Exercise aim. Take the lines in the listing below from the line with "Proveedor:TruperDado largo de" up to and including the line with "サイズ:高さ7cm、口径6,2cm、高台3,3cm。 状態:無傷になります。 |" and set them down exactly, skipping pictures and adding nothing.

Task input.
# # # #

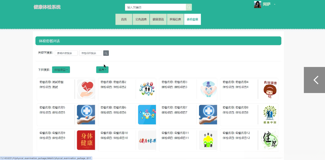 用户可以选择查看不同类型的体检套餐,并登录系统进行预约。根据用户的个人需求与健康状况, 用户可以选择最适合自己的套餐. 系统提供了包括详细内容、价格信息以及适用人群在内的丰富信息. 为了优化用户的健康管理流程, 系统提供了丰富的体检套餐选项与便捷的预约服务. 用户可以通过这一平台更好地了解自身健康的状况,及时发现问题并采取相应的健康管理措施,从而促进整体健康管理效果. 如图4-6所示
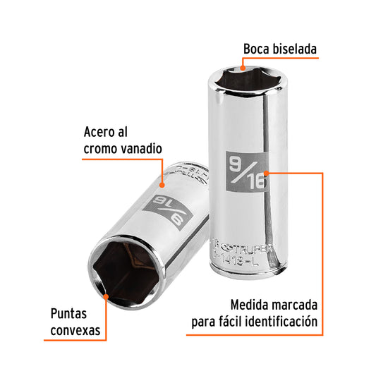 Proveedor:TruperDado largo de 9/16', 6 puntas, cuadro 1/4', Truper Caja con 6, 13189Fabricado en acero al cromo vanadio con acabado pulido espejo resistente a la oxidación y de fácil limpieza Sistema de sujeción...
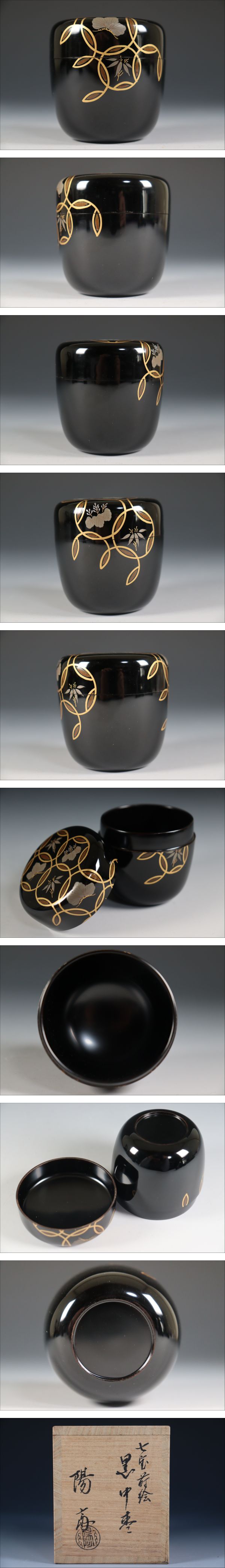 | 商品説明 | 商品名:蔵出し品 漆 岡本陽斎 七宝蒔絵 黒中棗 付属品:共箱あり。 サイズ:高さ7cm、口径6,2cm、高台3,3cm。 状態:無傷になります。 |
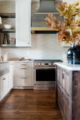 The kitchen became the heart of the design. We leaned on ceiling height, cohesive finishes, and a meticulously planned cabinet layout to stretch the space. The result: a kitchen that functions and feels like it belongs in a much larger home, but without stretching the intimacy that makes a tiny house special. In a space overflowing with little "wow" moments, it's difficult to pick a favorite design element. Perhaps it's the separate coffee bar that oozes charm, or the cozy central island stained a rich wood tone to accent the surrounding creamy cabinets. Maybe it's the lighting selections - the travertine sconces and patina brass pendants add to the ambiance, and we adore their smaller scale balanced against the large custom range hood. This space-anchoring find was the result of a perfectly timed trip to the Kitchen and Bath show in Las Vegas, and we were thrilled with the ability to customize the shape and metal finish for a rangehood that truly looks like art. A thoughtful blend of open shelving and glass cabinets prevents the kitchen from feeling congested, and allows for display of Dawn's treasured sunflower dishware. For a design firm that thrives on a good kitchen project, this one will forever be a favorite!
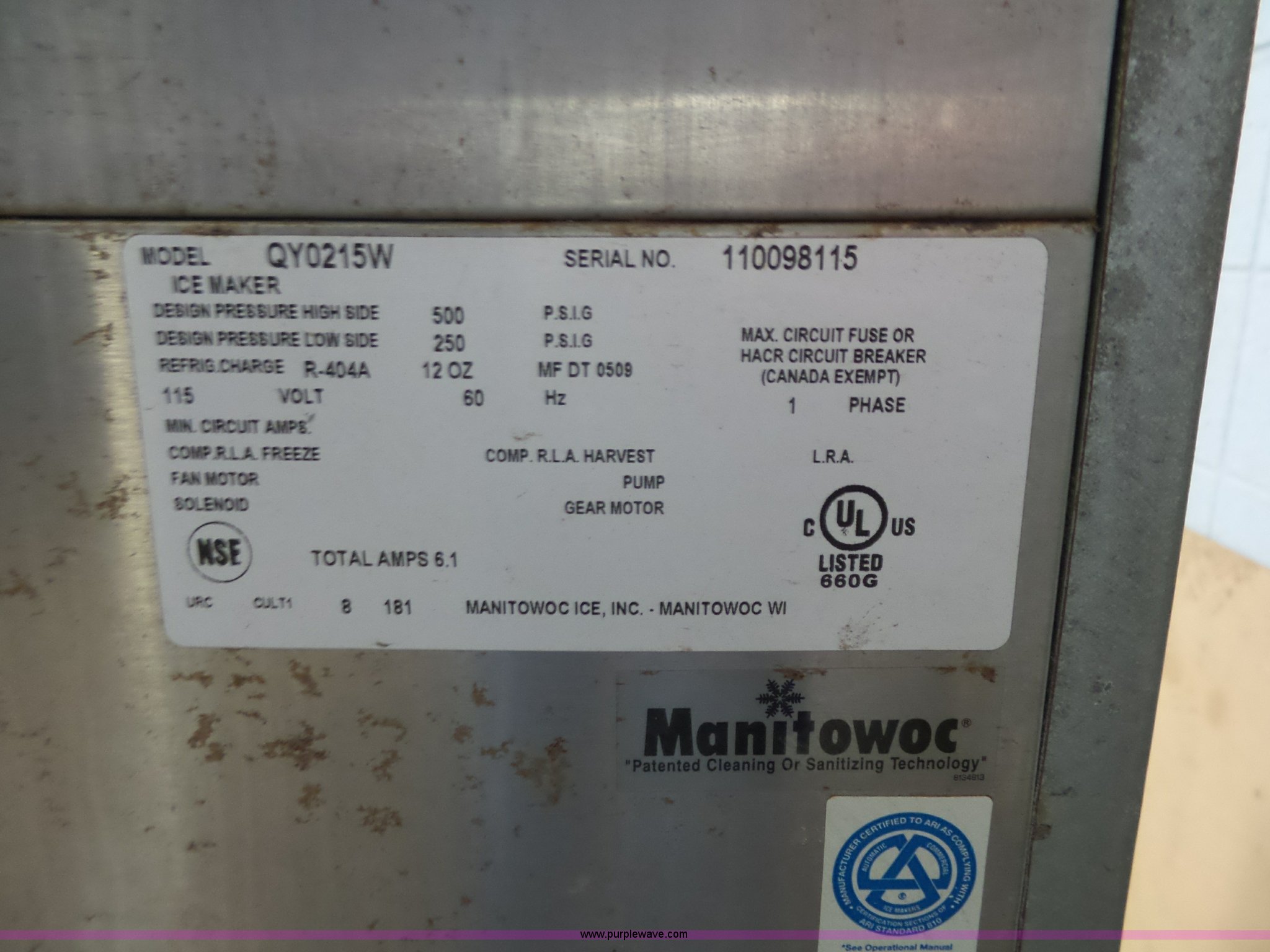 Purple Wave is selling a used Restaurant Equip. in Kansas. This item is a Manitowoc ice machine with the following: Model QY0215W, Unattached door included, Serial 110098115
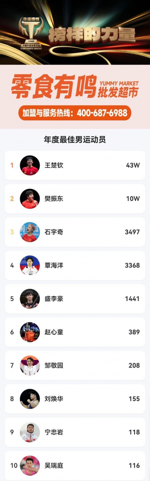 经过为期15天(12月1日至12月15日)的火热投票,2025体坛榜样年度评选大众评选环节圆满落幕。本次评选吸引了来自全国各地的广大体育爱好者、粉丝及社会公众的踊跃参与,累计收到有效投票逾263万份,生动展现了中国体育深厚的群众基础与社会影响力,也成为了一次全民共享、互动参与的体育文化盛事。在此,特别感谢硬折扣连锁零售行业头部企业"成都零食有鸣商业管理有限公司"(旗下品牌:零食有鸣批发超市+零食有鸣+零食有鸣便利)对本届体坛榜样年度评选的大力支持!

# # # #

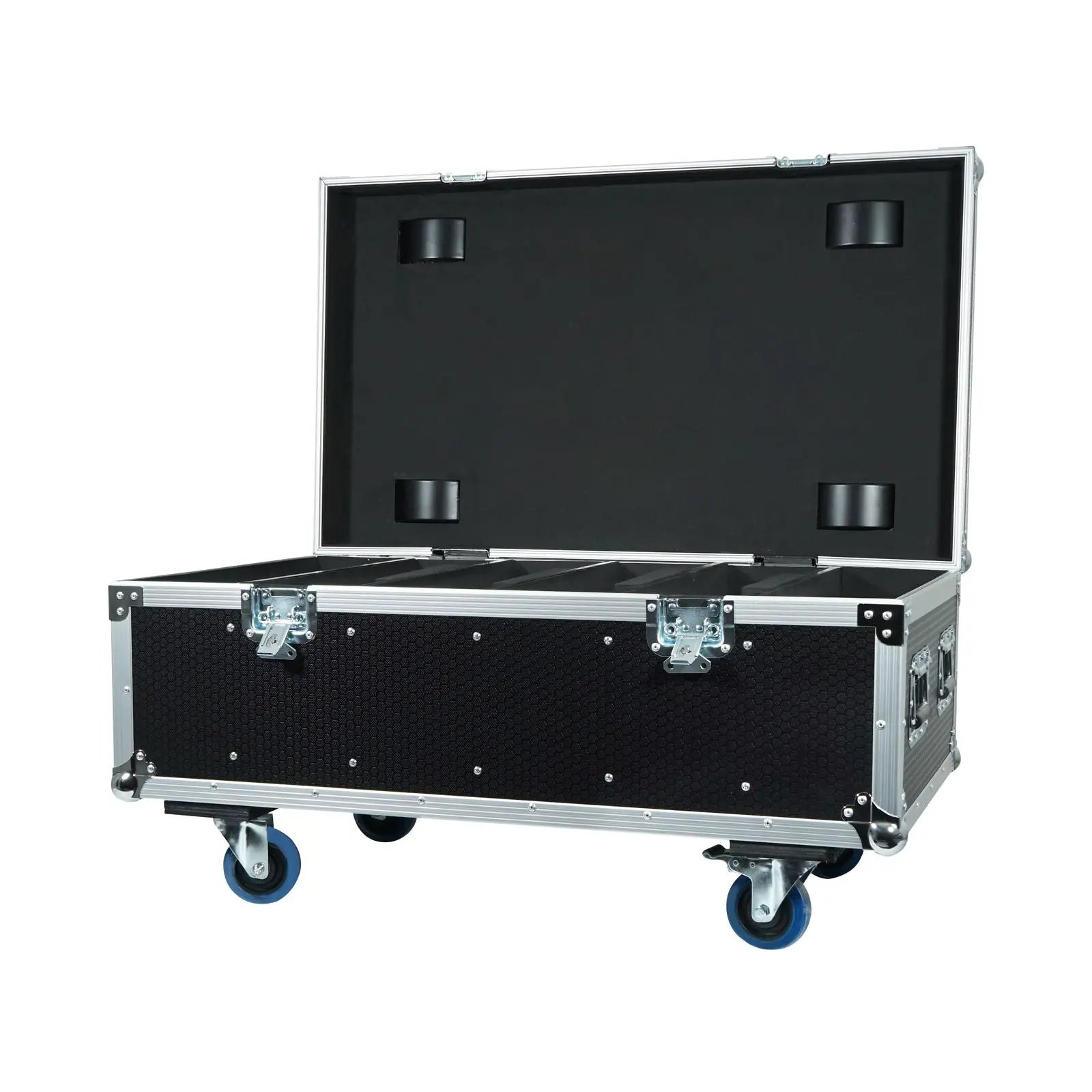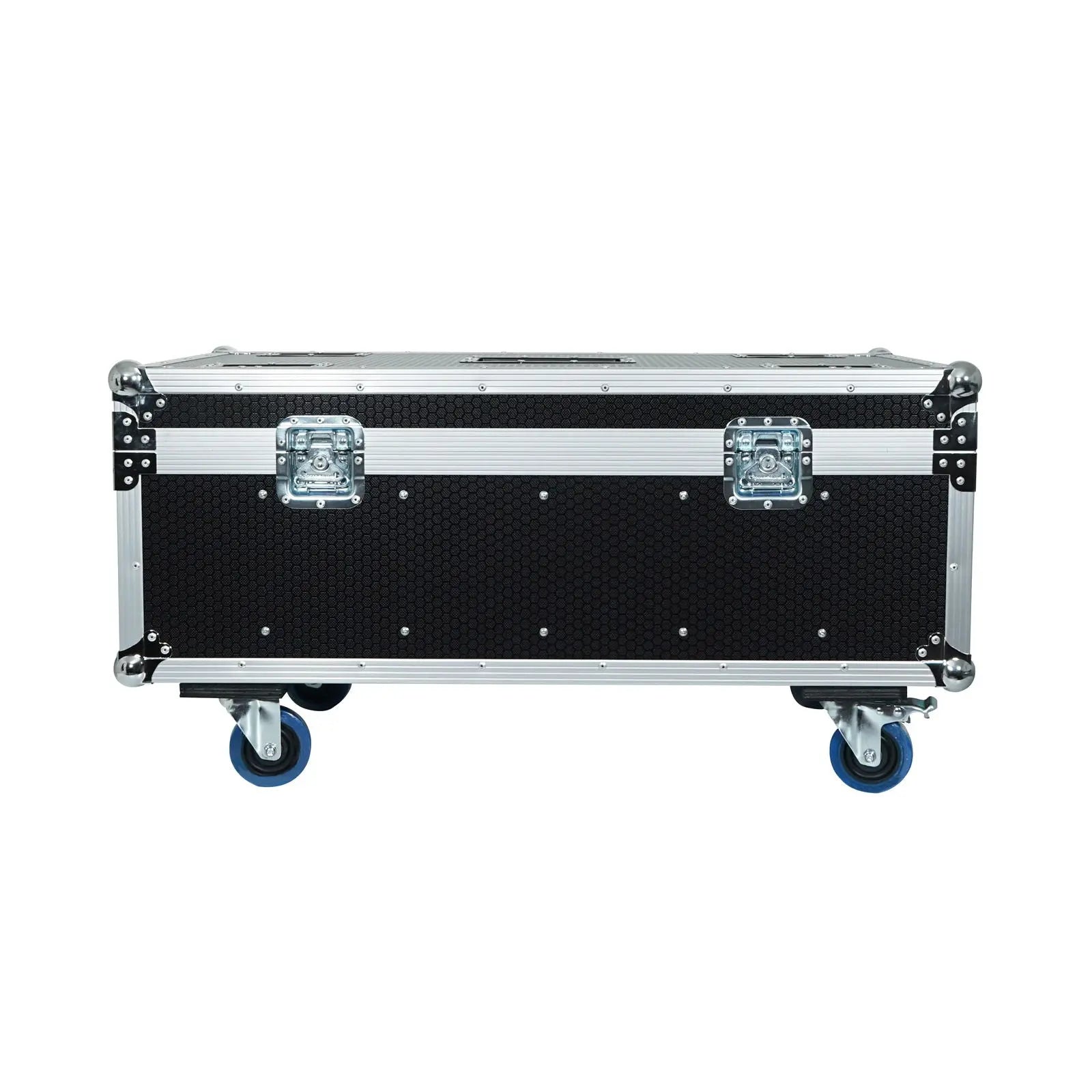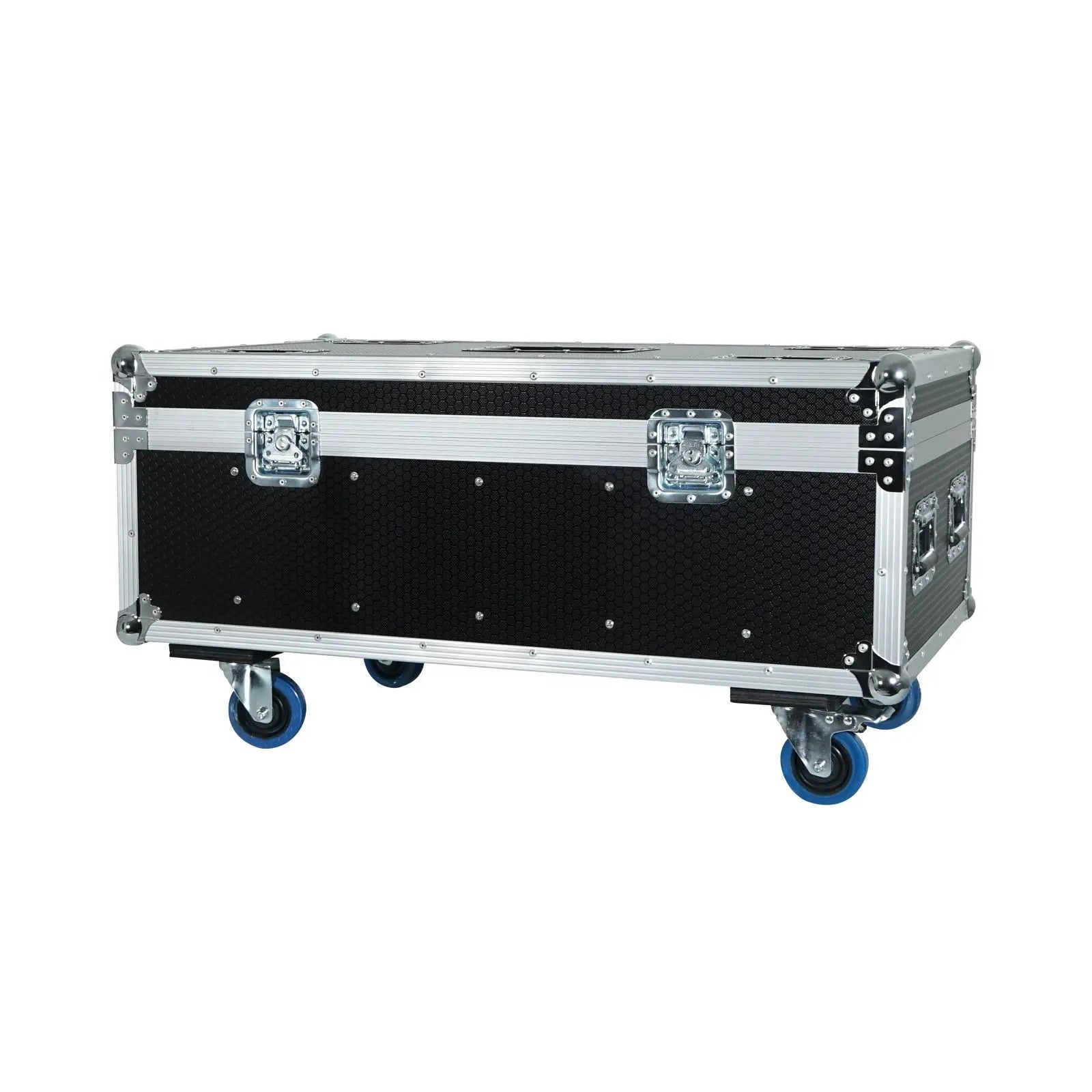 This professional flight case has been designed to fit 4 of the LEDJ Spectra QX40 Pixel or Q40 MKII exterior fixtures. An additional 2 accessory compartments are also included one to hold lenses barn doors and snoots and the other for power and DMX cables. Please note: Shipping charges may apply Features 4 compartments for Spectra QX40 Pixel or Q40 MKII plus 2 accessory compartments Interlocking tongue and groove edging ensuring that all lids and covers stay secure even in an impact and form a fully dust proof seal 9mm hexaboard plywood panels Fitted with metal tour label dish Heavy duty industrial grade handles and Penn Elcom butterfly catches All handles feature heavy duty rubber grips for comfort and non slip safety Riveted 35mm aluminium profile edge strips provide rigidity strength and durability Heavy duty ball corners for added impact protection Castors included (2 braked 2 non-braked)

# # # #

Task response.
 Proveedor:TruperDado largo de 9/16', 6 puntas, cuadro 1/4', Truper Caja con 6, 13189Fabricado en acero al cromo vanadio con acabado pulido espejo resistente a la oxidación y de fácil limpieza Sistema de sujeción...
 | 商品説明 | 商品名:蔵出し品 漆 岡本陽斎 七宝蒔絵 黒中棗 付属品:共箱あり。 サイズ:高さ7cm、口径6,2cm、高台3,3cm。 状態:無傷になります。 |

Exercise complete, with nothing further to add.